Комната, которую Андрей снял через агентство недвижимости три месяца тому назад, ещё находясь в перезатянувшемся рейсе, и где он теперь проживал три последние недели, ровно с того момента, как вернулся из того своего «бесконечного» последнего похода, не представляла собой ничего выдающегося: так, скаредная ночлежка для одинокого холостяка, ни разу не ожидающего к себе каких бы то ни было гостей. Комнатёнка была узенькая, вытянутая, как коридор в коммуналке, низкопотолочная восьмиметровка, приютившаяся на одной трети двухкомнатной квартиры на последнем четвертом этаже, такого же облезлого, как табуретки, дома – одного из первых индустриальных панельных проектов того времени. Прижавшись к территории бывшей промзоны, группка из четырёх таких же домов стояла «отшельническим» микрокварталом, запланированным под снос ещё до начала его строительства – уже лет эдак как пятьдесят тому назад.
Все люди, получившие здесь своё жильё, в один миг становились счастливыми. Ведь своя квартира, почти свой дом, который нет нужды делить с чужими – радость. И вся эта радость – делится только на своих. Но такое счастливое комфортабельное бытие быстро улетучивалось: одни соседи мешали другим вполне разборным по словам шумом из-за тонких межквартирных перегородок; протечками сверху; претензиями от залитых снизу. А ещё, пришедшим наконец осознанием, что это их жильё – всё же временное, ничего иное, как временный постой. Когда они начинали осознавать, что не дожив и до старости, а их дети, если после школы пойдут учиться или служить в армии, то ещё не закончат, а эту их «крепость» снесут, а их самих переселят невесть куда.
А все свои страхи и боли им делить теперь только промеж домочадцев; нести, и тяготится этим – лишь самим одним.
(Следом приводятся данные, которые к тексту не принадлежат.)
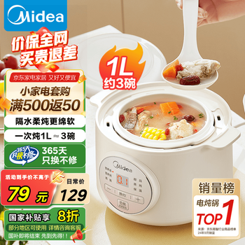 美的(Midea)电炖锅1-2人电炖盅隔水炖锅家用燕窝炖盅陶瓷炖汤盅电炖锅婴儿辅食小炖锅煲汤电炖锅电砂锅煲汤锅 1L 【1L=3碗 防烫把手】DZE1066

Никто уж, случайно увидев их, уж не впряжётся и не пособит по-свойски и от сердоболья. А если чем и помогут, то лишь до своего предела – дверь затворят в свою квартиру и всё: пустота ночного подъезда и безумное одиночество. Ну, на крайний случай, если силёнки ещё будут, то подмогнут – в гробу соседа в последний путь до кладбища проводить.
Многоквартирный дом – он ведь и сам, как кладбище: места много и перегородки хлипкие, а вот притворы – у каждого свои и свои крохи отделяют.
Окна смотрят на разные стороны – бывает, что даже в одной квартире. Стен – много, да ещё пол и потолок. Вот только все они – общие. Парадокс: квартира – своя, а её стены, полы и потолки – нет. Они – общие.
… Весь этот жилой квартал был на отшибе города, когда-то навязанный ему как бедный родственник. И – ненужный, получал к себе столько внимания, сколько следовало, чтобы он не помер на руках и преждевременно и без разрешения сверху. А потому, и электроэнергия, и вода подавались в него дозами и по остаточному принципу. А вот нечистоты, так сказать продукты жизнедеятельности его и его поселенцев, отводились и отвозились неторопливо – кое-как и иногда. В связи с чем во дворе стоял большой ржавый контейнер для бытового мусора, а в углу имелся деревянный общественный сортир с выгребной ямой.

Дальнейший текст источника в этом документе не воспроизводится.